Jimmy ayant également renoncé aux séances de thérapie hors campus, étoffer les personnages secondaires est l'une des rares options de narration restantes. C'est une excellente nouvelle pour les fans de Williams, au talent comique et extrêmement attrayant, qui est plutôt un troisième protagoniste après Segel et Ford, mais dont les intrigues des personnages ont été trop centrées sur Jimmy. Cette saison, elle a un nouvel intérêt amoureux, même si la série, ayant peut-être frappé trop tôt, pourrait bien attendre le moment de revisiter une romance dans les saisons suivantes.

Paul, qui a décidé de mettre fin aux relations inappropriées entre médecin et patient de Jimmy en sortant avec la neurologue (la toujours merveilleuse Wendie Malick) qui le soigne pour la maladie de Parkinson, explore ses propres problèmes d'engagement tandis que Brian, le meilleur ami égocentrique mais fidèle de Jimmy (Michael Urie ), et son mari plus terre-à-terre (Devin Kawaoka), avancent dans leur récent mariage.
L'ambiance « Modern Family » est incontournable, jusqu'aux maisons de Los Angeles chères à très chères dans lesquelles vivent les personnages et comment personne ne peut se réunir ou même un moment de calme sans que plusieurs autres personnages soient impliqués.
Les blagues semblent non seulement plus fréquentes mais moins réfléchies, leur qualité de hasard plus perceptible que dans la saison 1. Par exemple, utiliser « lazy river » comme punchline deux fois dans une même série… la critique s'écrit toute seule.
Les personnages sont si épanouis et conscients d'eux-mêmes qu'ils anticipent à bien des égards la capacité d'un critique – ou de tout spectateur – à faire des observations.
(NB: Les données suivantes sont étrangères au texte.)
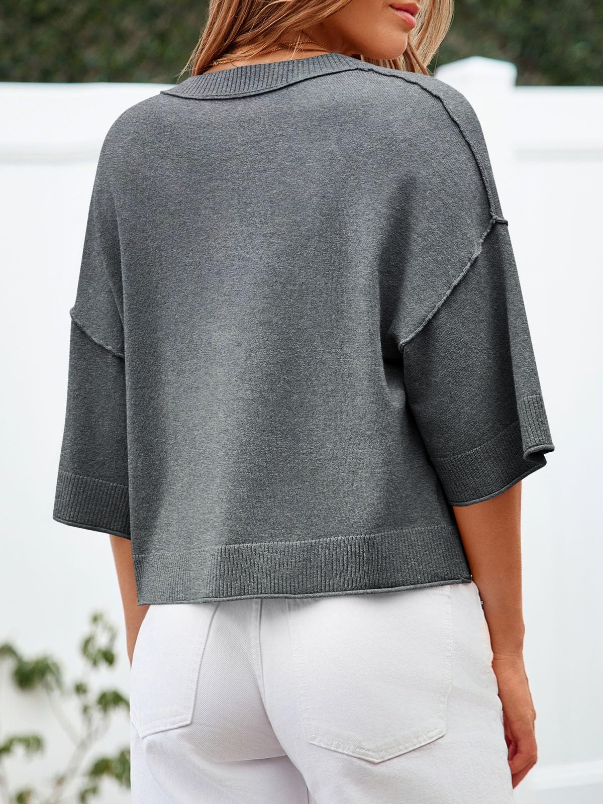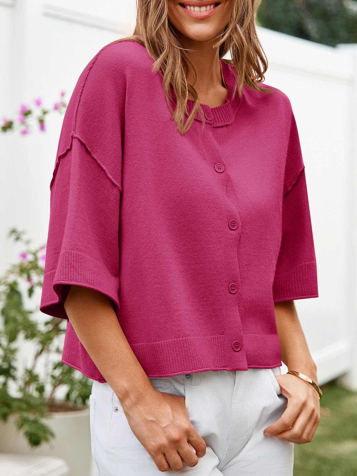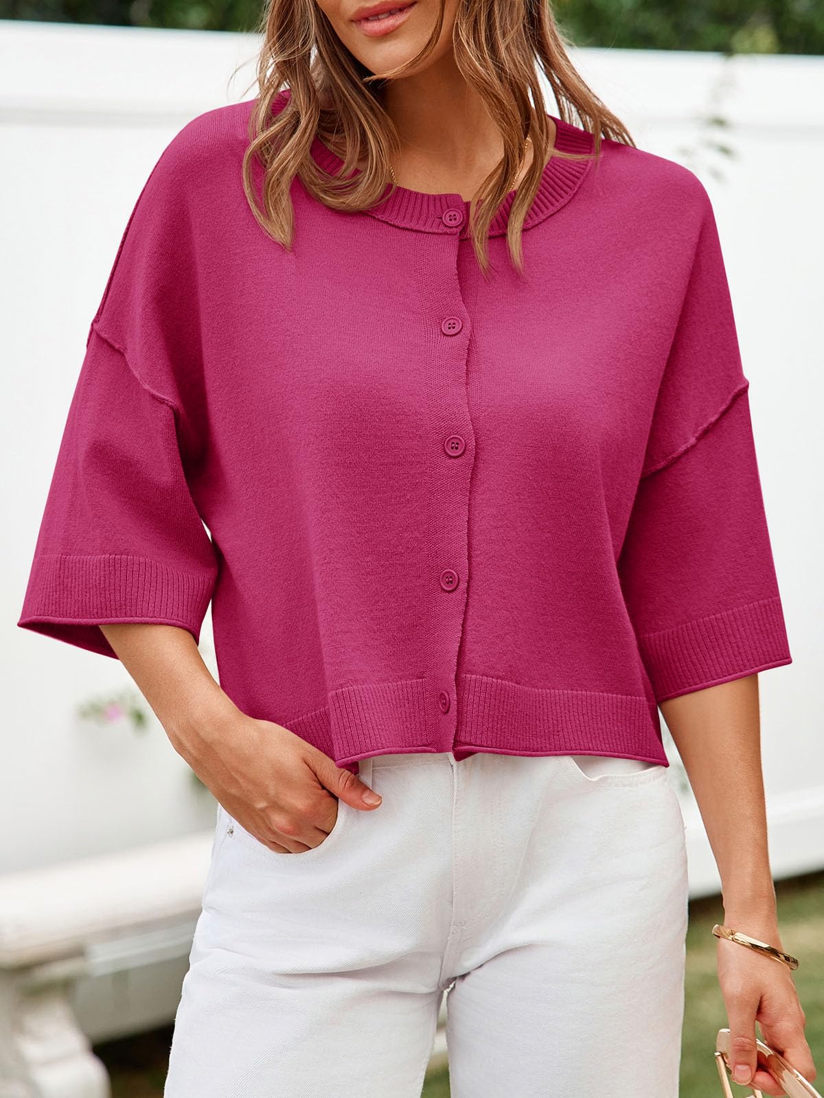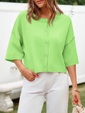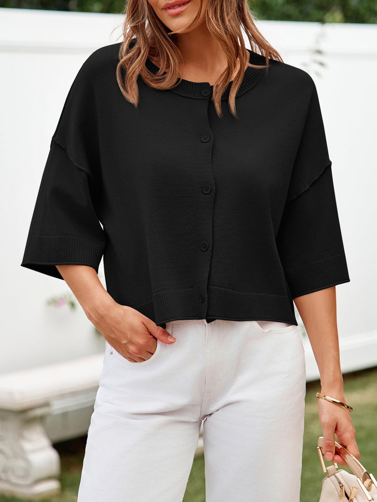 Womens Half Sleeve Button Down Oversized Lightweight Knit Cardigan Sweaters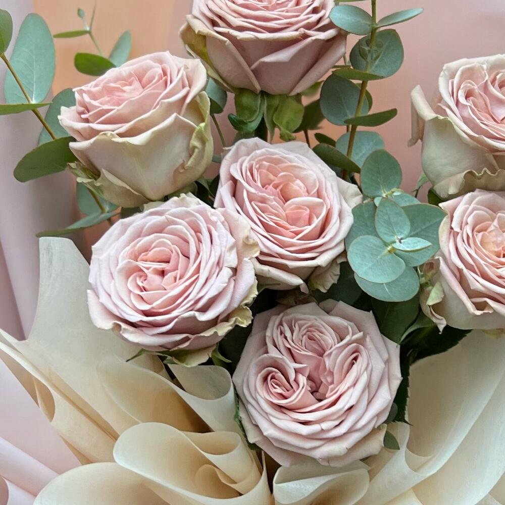 Одноголовая роза – 7 шт.Эвкалипт – 4 шт.декоративная упаковка – 1 шт.Атласная лента – 1 шт.
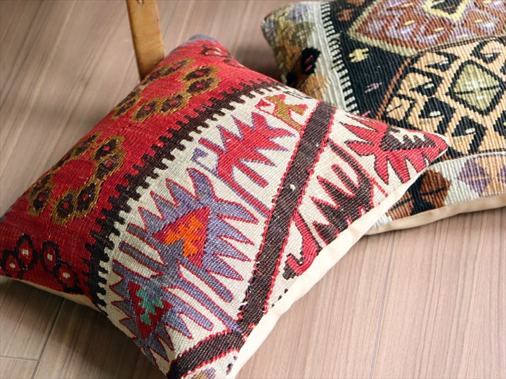 | 【オールドキリム】古い時代(主に1960-1980年代)に、一般の家庭で織られたウールの手織りキリムを表面に使ったクッションカバーです。擦り切れた個所や、日焼け、修理のあとなどがある場合がございますことをご了承ください。クッションはトルコで縫製されていて、縫製前にはきれいにクリーニングしてあります。 クッションカバーの裏面は無地のコットン、色はそれぞれ異なりますので表記してあります。 【お手入れについて】オールドキリムの染料が色落ちする場合がありますのでほかのものと一緒に洗わないようご注意ください。液体洗剤で押し洗いしたあと、よくすすいで、フラットにして乾かしてください。 |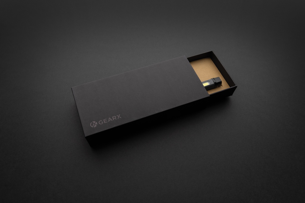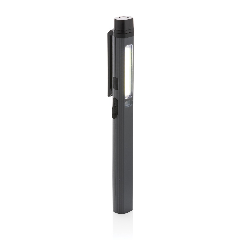 Pocket size pen light with super bright COB, LED and blue light made with RCS certified recycled ABS plastic. Total recycled content: 33% based total item weight. RCS certification ensures a completely certified supply chain of the recycled materials. The work light uses a re-chargeable A-grade 460 mah lithium battery so no need to replace the batteries. Simply re-charge via your USB socket. The work light comes with 260 lumen COB, 80 lumen LED and blue light. With 4 modes:COB, COB 50%, LED light and blue light. With clip on the back. With type C port for re-charging. Operating time on one charge: 3 hours.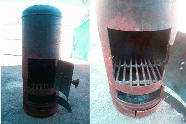 Конструкция буржуйки довольно проста, она состоит из металлической ёмкости с дверцей и дымохода. Сделать буржуйку можно из любой металлической ёмкости — бочки, широкой трубы, газового баллона, металлического короба.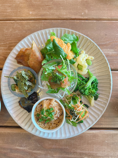 日替わりのランチプレートは福井産の野菜がたっぷりで栄養満点 春巻きがパリッパリでめっちゃ美味しい。 セットのデザートは焼きたてのスコーンとカスタード焼きプリン! 香ばしさととろける甘さが、優しいランチ後にぴ...

Les personnages commentent à quel point ils s'engagent un peu et rôtissent Jimmy pour ses expressions de chien battu et Paul pour sa façon de parler gouttière à la Batman. Ils commentent vraiment Ford et Segel, bien sûr.

La franchise rafraîchissante avec laquelle Gaby et Liz ont discuté de leur sexualité – et de celle des autres femmes – dans la saison 1 a également disparu, mis à part l'étrange commentaire grossier ou la blague courante sur les jouets sexuels. Mais l'alchimie comique durable entre Williams et Miller suggère que ces discussions pourraient faire un retour dans les saisons suivantes.
Avec autant de talent comique, y compris tant d’acteurs qui ont perfectionné il y a longtemps la forme de la sitcom – Segel, McGinley, Miller (« The Drew Carey Show », « Scrubs »), Urie (« Ugly Betty ») et Malick (« Just Shoot Moi ») – peut-être que devenir plus sitcom n’était pas un choix mais une conséquence naturelle du casting. Ou du rythme, les épisodes de la saison 2 ont tendance à durer plus de 32 minutes sans publicité, créant une durée totale d'exécution dans la timonerie d'une sitcom en réseau de 22 épisodes.
Quoi qu’il en soit, ces fidèles alertes iPhone d’Apple TV+ qui vous informent que de nouveaux épisodes de « Shrinking » sont tombés ne semblent pas susceptibles de provoquer une ruée pour regarder à la « Lasso », « The Morning Show » ou des émissions encore moins annoncées comme « Physical ». » ou « Palm Royale ». Car même si le concept ne s’applique pas littéralement, la saison 2 de « Shrinking » donne le sentiment que vous pourrez facilement l’attraper plus tard, en syndication.
La saison 2 de « Shrinking » sera diffusée avec deux épisodes le mercredi 16 octobre sur Apple TV+.